Ein zusätzlicher Aspekt, sollten die Saints mit einem intensiveren Run Game planen, könnte die eigene, seit Jahren problematische Defense betreffen - in gewisser Weise der "Cowboys-Effekt": Durch ein qualitativ und quantitativ besseres Run Game könnte New Orleans die Uhr und somit den Rhythmus des Spiels besser kontrollieren. Das sorgt dafür, dass die eigene Defense weniger Zeit auf dem Feld verbringt und der Druck auf die gegnerische Offense gleichzeitig erhöht werden kann.
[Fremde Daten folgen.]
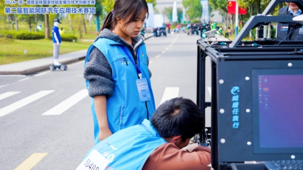 10月31日至11月2日,2024“一帶一路”暨金磚國家技能發(fā)展與技術(shù)創(chuàng)新大賽之第二屆智能網(wǎng)聯(lián)汽車應(yīng)用技術(shù)(綜合裝調(diào)、仿真、車路協(xié)同應(yīng)用技術(shù))賽項全國總決賽在宣城職業(yè)技術(shù)學院舉行。安慶職業(yè)技術(shù)學院機電工程學院舒滿征老師和單家正老師指導(dǎo)的張晴晴和彭耀祥兩位學生獲得高校組全國二等獎,教師組鮑成和邱雨兩位老師獲得職工組全國三等獎,舒滿征和單家正老師獲得優(yōu)秀指導(dǎo)教師稱號。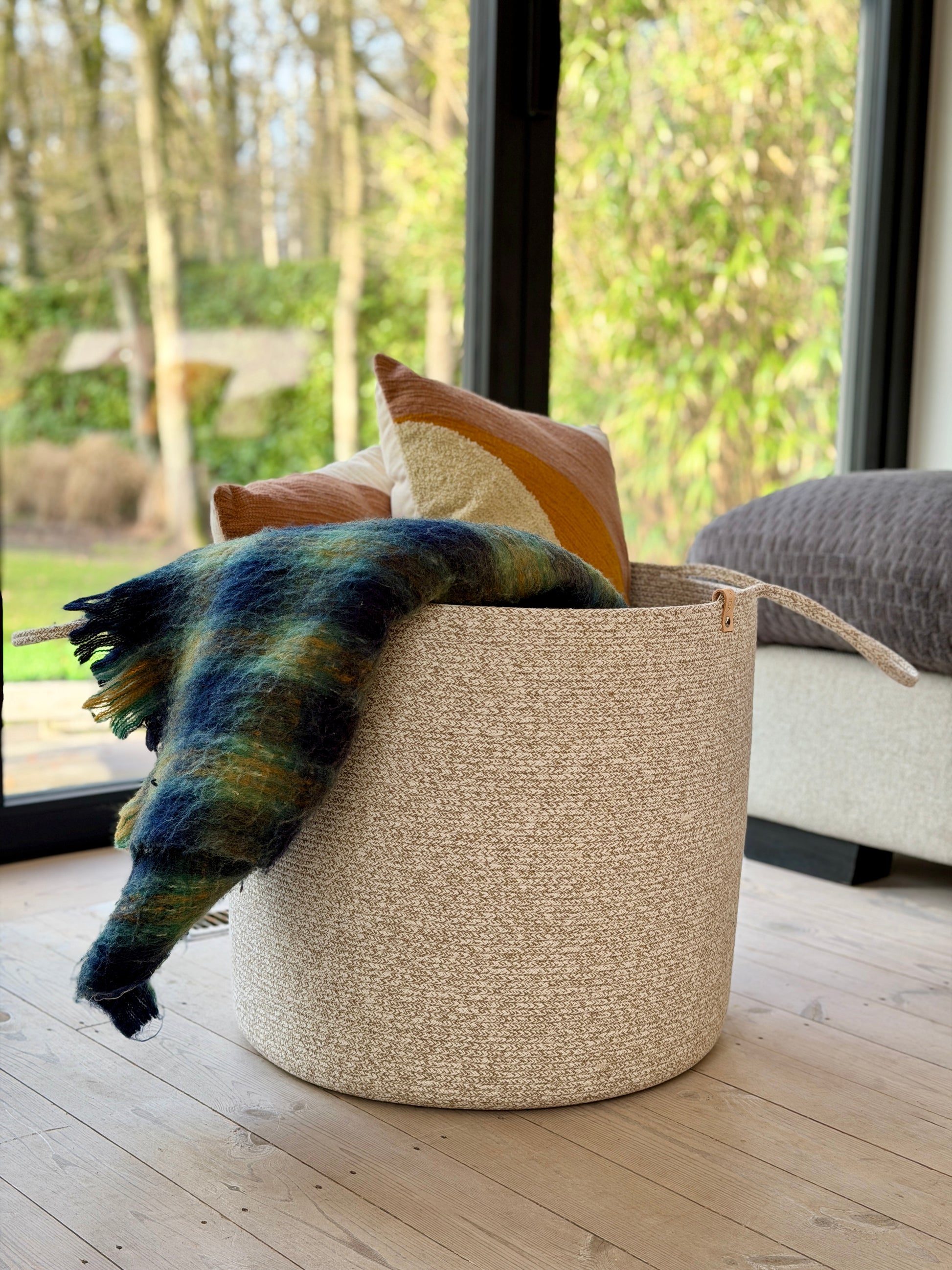 Dieser Korb ist perfekt für die Aufbewahrung von Decken, Handtüchern, Spielzeug – so ziemlich alles und alles. Er ist in den Größen Medium und Large erhältlich.

Klar ist in jedem Fall: Man darf auch 2017 gespannt sein, wie ein gemeinsames Brees-Peterson-Backfield aussehen wird und was den Saints mit Blick auf das Scheme so einfällt. Das trifft umso mehr zu, falls Center Max Unger tatsächlich den Saisonstart verletzungsbedingt verpasst.
Brees jedenfalls stellte in der Times-Picayune bereits, angesprochen auf Ingram und Peterson, klar: "Ich denke, beide Jungs werden mit etwas mehr Wut und Leidenschaft laufen, und genau das willst du sehen. Ich glaube, so wie die Liga heute ist, ist es fast unmöglich, mit nur einem Running Back durch die Saison zu gehen. Du brauchst zwei Backs, die als Gespann funktionieren."